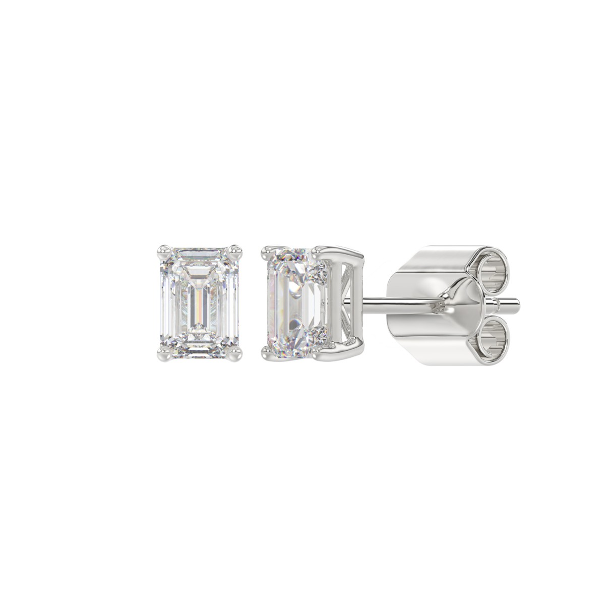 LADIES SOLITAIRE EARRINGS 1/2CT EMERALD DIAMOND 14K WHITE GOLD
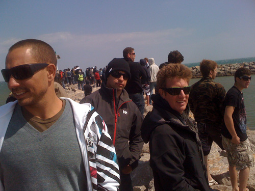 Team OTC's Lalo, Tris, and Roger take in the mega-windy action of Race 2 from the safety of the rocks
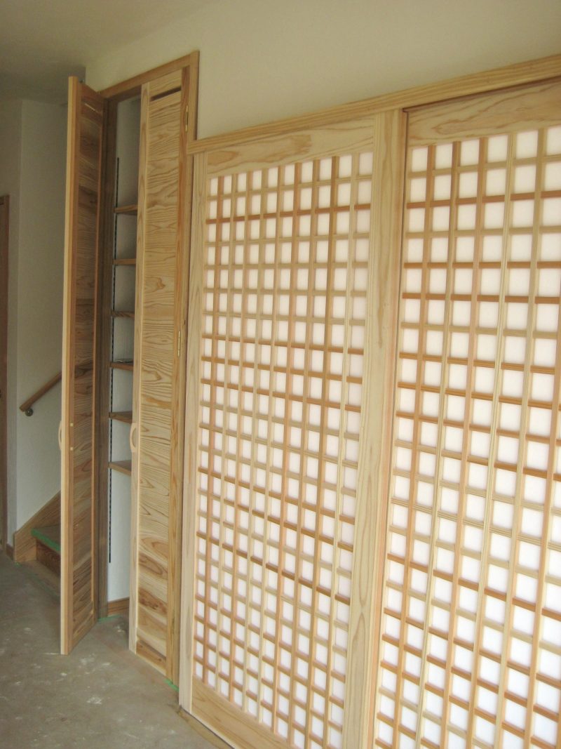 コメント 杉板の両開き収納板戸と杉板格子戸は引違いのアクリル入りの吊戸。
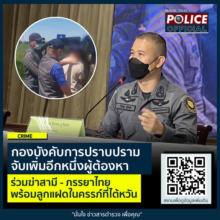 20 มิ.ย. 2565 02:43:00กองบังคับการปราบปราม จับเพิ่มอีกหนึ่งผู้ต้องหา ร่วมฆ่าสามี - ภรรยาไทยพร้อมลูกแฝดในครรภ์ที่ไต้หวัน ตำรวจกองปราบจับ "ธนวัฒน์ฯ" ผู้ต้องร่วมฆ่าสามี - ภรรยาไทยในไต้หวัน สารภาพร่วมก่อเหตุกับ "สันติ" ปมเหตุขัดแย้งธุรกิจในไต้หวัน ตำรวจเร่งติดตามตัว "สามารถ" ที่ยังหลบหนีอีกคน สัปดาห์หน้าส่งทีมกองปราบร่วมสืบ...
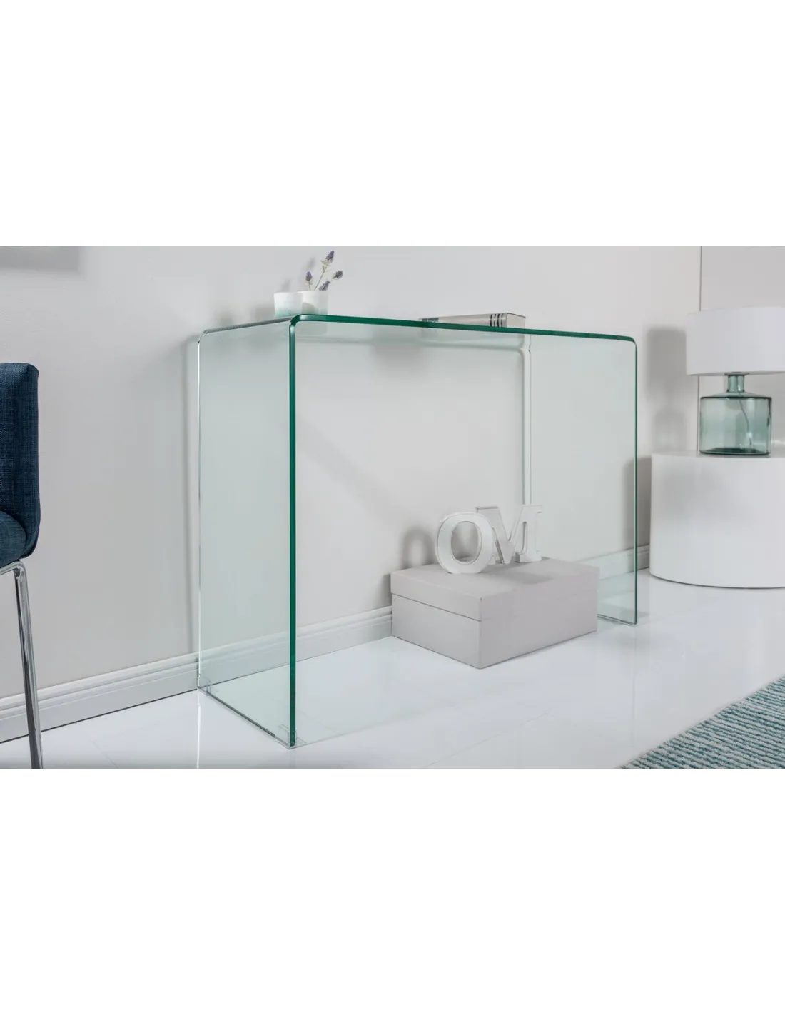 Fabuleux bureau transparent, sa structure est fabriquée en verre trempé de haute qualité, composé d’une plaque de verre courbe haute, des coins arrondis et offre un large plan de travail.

:::

After locating the line with "コメント 杉板の両開き収納板戸と杉板格子戸は引違いのアクリル入りの吊戸。", transcribe it and the rest of the data above exactly as written, without any picture.

Solution to the exercise =
 コメント 杉板の両開き収納板戸と杉板格子戸は引違いのアクリル入りの吊戸。
 20 มิ.ย. 2565 02:43:00กองบังคับการปราบปราม จับเพิ่มอีกหนึ่งผู้ต้องหา ร่วมฆ่าสามี - ภรรยาไทยพร้อมลูกแฝดในครรภ์ที่ไต้หวัน ตำรวจกองปราบจับ "ธนวัฒน์ฯ" ผู้ต้องร่วมฆ่าสามี - ภรรยาไทยในไต้หวัน สารภาพร่วมก่อเหตุกับ "สันติ" ปมเหตุขัดแย้งธุรกิจในไต้หวัน ตำรวจเร่งติดตามตัว "สามารถ" ที่ยังหลบหนีอีกคน สัปดาห์หน้าส่งทีมกองปราบร่วมสืบ...
 Fabuleux bureau transparent, sa structure est fabriquée en verre trempé de haute qualité, composé d’une plaque de verre courbe haute, des coins arrondis et offre un large plan de travail.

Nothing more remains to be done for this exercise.